### What you are asked to do
Where the line containing "A briga entre" appears in the records below, begin there and repeat each line exactly through the final one, dropping all pictures.

### Records shown
^^^^^^^^^^^^^^^^
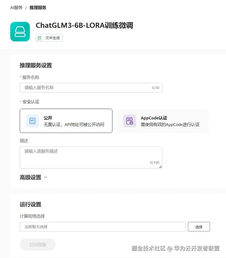 在部署推理服务页面完成参数配置。
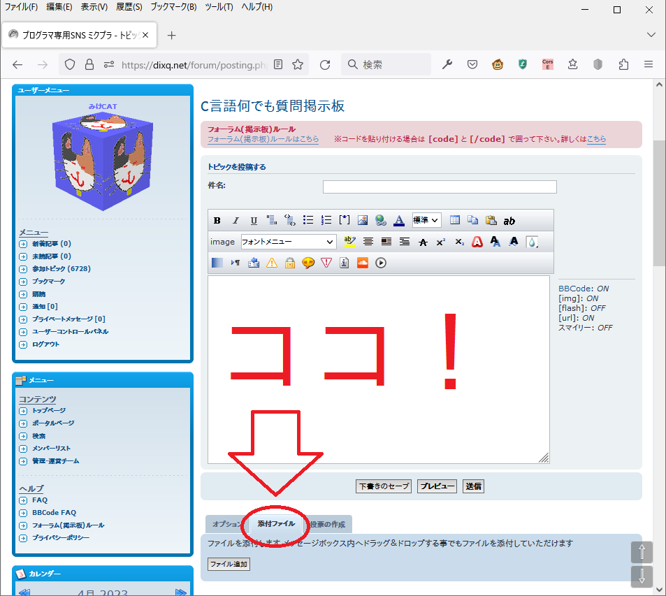ログインしているようなので、投稿画面 (クイック返信は除く) の本文を入力する欄に添付するファイルをドラッグ&ドロップすることで添付できるはずです。
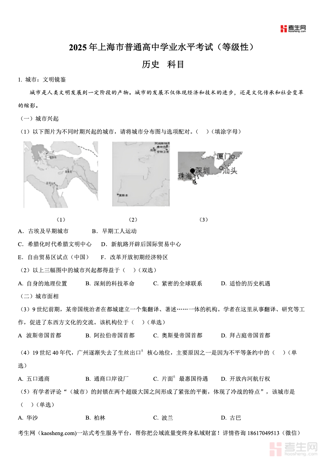 高考真题:2025 年上海高考历史真题(原卷版)完整收录 2025 年上海高考历史全卷试题,严格贴合上海卷命题特点与学业水平等级考要求,全面覆盖中国古代史、中国近现代史、世界史、史料实证、历史解释、时空观念等核心素养考点。解析内容详实透彻,包含答案详解、考点定位、解题思路、答题规范、易错点分析,帮助考生清晰掌握命题趋势与答题技巧。资料适用于高三学生真题模拟、考后估分、专题复习与查漏补缺,精准对接上海本地备考需求,有效提升历史学科解题能力与应试水平。请添加微信 18617049513 进专属群,获取更多免费资源!
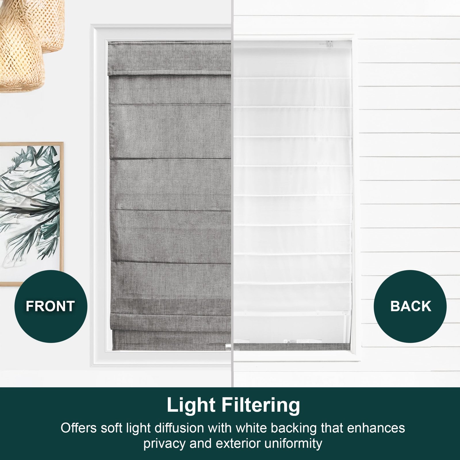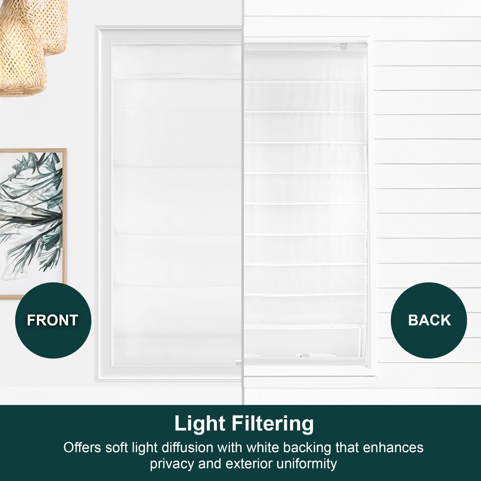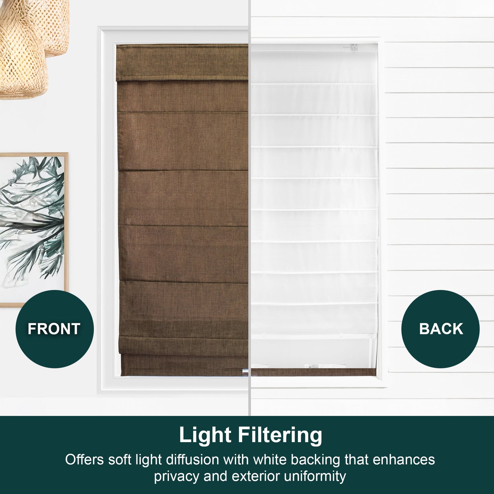Roman Shades – Light Filtering, Crosshatched with Liner and Valance
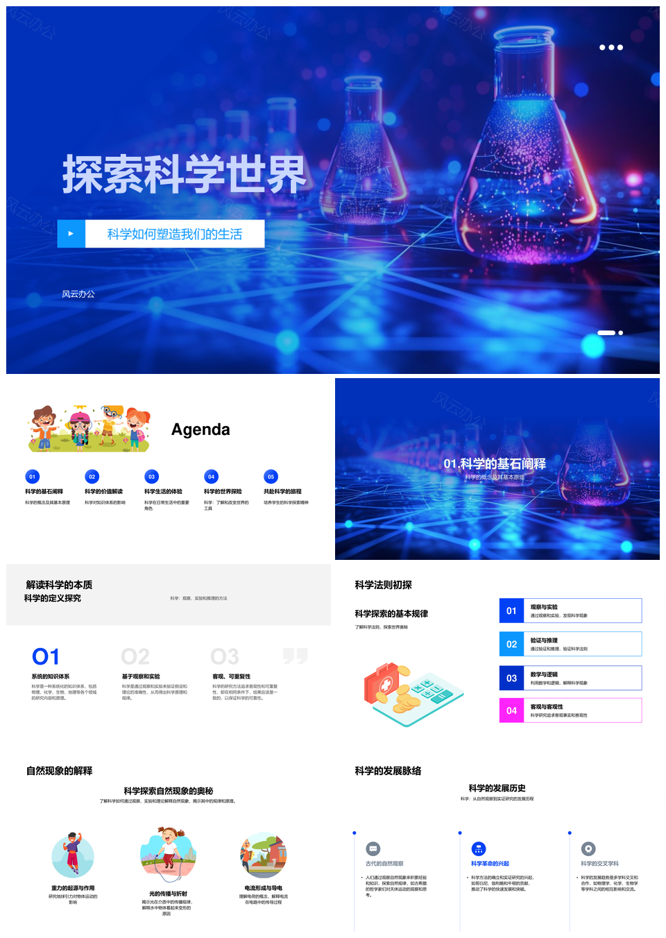 风云办公提供的科学探索基本原理发展应用与生活解析PPT模板,下载格式为pptx,一共33页,作品中文字及图均可以修改和编辑,图片更改请在作品中右键图片并更换,文字修改请直接点击文字进行修改。
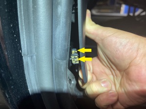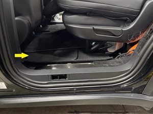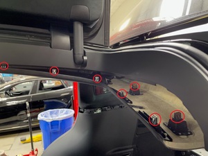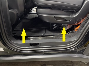 - 将左侧下部门框硬盖板饰板安装到车辆上,然后紧固用于将饰板固定到车辆上的卡子(8 个)。
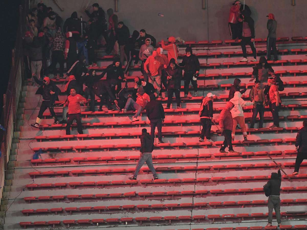 A briga entre torcedores chilenos e argentinos começou no intervalo da partida disputada no Estádio Libertadores da América, do Independiente, quando o placar estava 1 a 1. Atos de vandalismo começaram na torcida visitante e foram revidados pelos donos da casa, que invadiram o setor da La U.
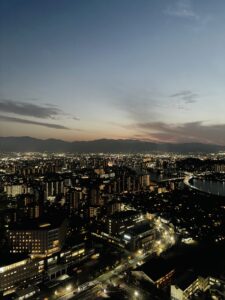 福岡タワーに着いたのは夕暮れ時で、夜景を堪能できました。
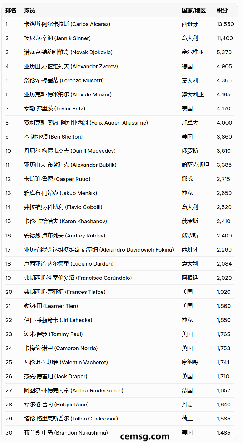 Categories 数据资讯 最新网球男单世界排名TOP30(截至2026年3月) Post date 2026-03-21 点击图片查看大图 更新于:2026年3月16日,基于ATP官网官方排名。 ← 2026世界各种语言使用人数排行TOP25
^^^^^^^^^^^^^^^^
### Written answer
 A briga entre torcedores chilenos e argentinos começou no intervalo da partida disputada no Estádio Libertadores da América, do Independiente, quando o placar estava 1 a 1. Atos de vandalismo começaram na torcida visitante e foram revidados pelos donos da casa, que invadiram o setor da La U.
 福岡タワーに着いたのは夕暮れ時で、夜景を堪能できました。
 Categories 数据资讯 最新网球男单世界排名TOP30(截至2026年3月) Post date 2026-03-21 点击图片查看大图 更新于:2026年3月16日,基于ATP官网官方排名。 ← 2026世界各种语言使用人数排行TOP25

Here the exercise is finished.